Sabrina Kempe is a freelance writer for NetDoktor’s medical editorial team. She studied biology with a particular focus on molecular biology, human genetics and pharmacology. After training as a medical editor at a prestigious trade publishing house, she edited trade journals and a patient magazine. Now she writes articles on medical and scientific topics for experts and lay people, and edits scientific articles by doctors.

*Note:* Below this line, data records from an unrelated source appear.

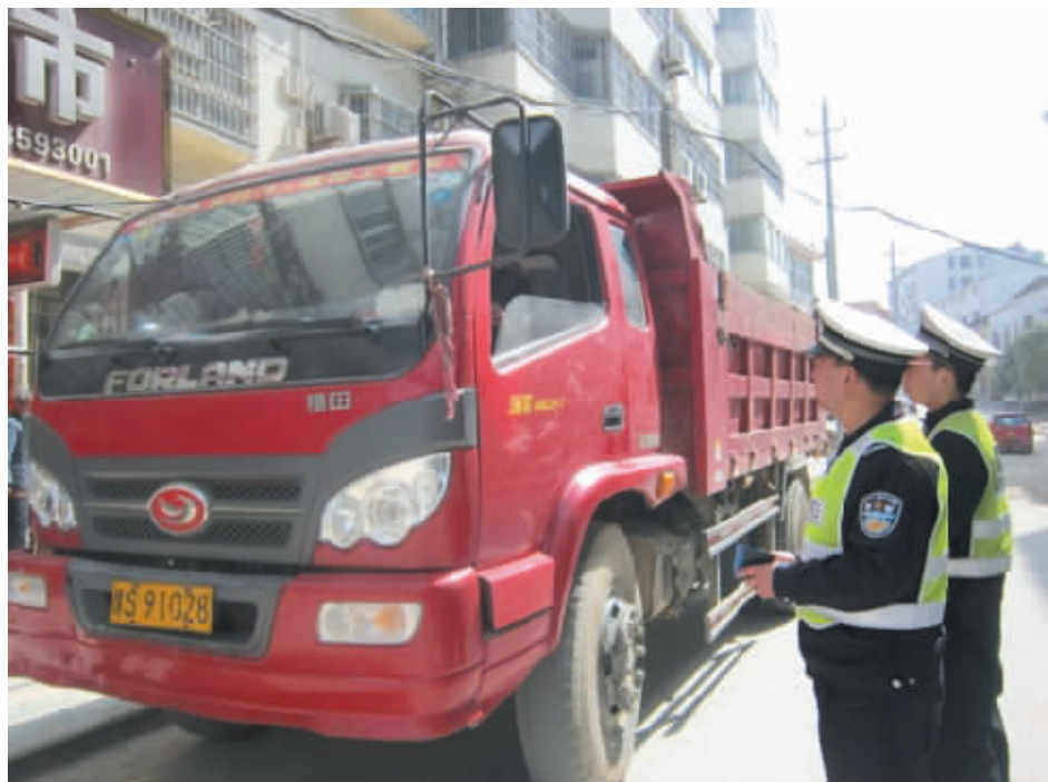
近日,为规范辖区“渣土车”管理,严厉打击“渣土车”交通违法行为,新县公安交警大队持续开展了工程“渣土车”违法行为集中整治专项行动。自1月份以来,该大队共出动警力320余人次,查处渣土车各类违法行为540余起,查扣渣土车37辆,开展“渣土车”从业人员集中教育专题宣传6场(次)。图为该大队交警对“渣土车”号牌、车主、驾驶人等基本信息进行登记。

法院经审理认为,本案是多种行为过错导致的一种危害后果,各被告均应承担相应的责任。审理中三自然人被告均承认在河中下网,且没有人员看护,也没有设置任何警示标志,但都不承认致死被害人的渔网系自己所有,也不能指认明确的加害人。法院据此认定三自然人被告分别采取了危及被害人生命的危险行为,依法应当承担赔偿责任。被告石湾水库管理局在停止供水后在原告居住附近干渠保持一段高水位人工河,且未尽到管理职责,对三被告在河中下网可能危及他人人身安全的行为持放任态度,在行为上有过错,应承担相应责任。本案被害人年仅12周岁,在没有大人看护的情况下在危险场地玩耍,并采取了高度危险行为,最终危及本人生命,对危害结果的发生负有责任,可以依法减轻三被告的民事责任。其中被害人张正负60%的责任,三被告各负10%的责任。法院遂依法作出上述判决。(文中人名均系化名)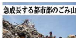
急成長する都市部のごみ山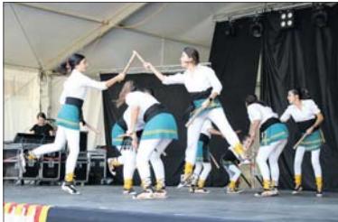
Una de las actuaciones del Homenaje a Cataluña.

Posteriormente, se hizo la tradicional izada de la senyera en el Ayuntamiento para celebrar la Diada Nacional de Catalunya. Miembros de Protección Civil de La Llagosta izaron la bandera mientras se oía Els Se-

Loneliness is a depressing feeling and hard to bear. Especially in the Corona crisis, when many people have to go into self-isolation, feelings of loneliness can spread, often combined with deep melancholy and sadness. But lonely people do not only exist in pandemic times. Read more on the subject: Where does loneliness come from?? Can it make physically ill? What can you do against loneliness?

Loneliness, sadness

Brief overview: Loneliness

  • What helps against loneliness? z.B. Self-care, structuring everyday life, meaningful occupation, gradual contact with others, if necessary. psychological help, medication
  • What each individual can do for lonely: take care of fellow men; v.a. giving time and attention to elderly, frail or immobile people in one’s own environment
  • Symptoms: u.a. Feeling excluded and isolated, self-neglect, dejection, hopelessness, boredom, inner emptiness, self-pity, longing, despair
  • Where does loneliness come from? Usually from a combination of several factors, z.B. certain character traits, poor quality social ties, bad experiences, social circumstances, critical life phases
  • Can loneliness make you sick? Chronic loneliness increases risk of cardiovascular disease, sleep disorders, dementia, depression, anxiety and obsessive-compulsive disorders, and suicidal thoughts.
  • When to see a doctor? At the latest, when loneliness becomes chronic and is coupled with depression, anxiety or obsessive-compulsive disorder

What helps against loneliness?

There can be several ways to get out of loneliness, especially in combination. The following steps are especially important:

Self-care – rediscover joy of life

The way out of loneliness starts with yourself. If you think, "I feel lonely," first try to look at your situation objectively. Being alone does not mean being lonely. Being alone can also help them relax, find peace, and relieve stress. Start taking an interest in yourself again. Ask yourself what books you’ve wanted to read, what movies you want to see, what music makes you happy, what food you like, what sports you enjoy, what landscapes or cities you like.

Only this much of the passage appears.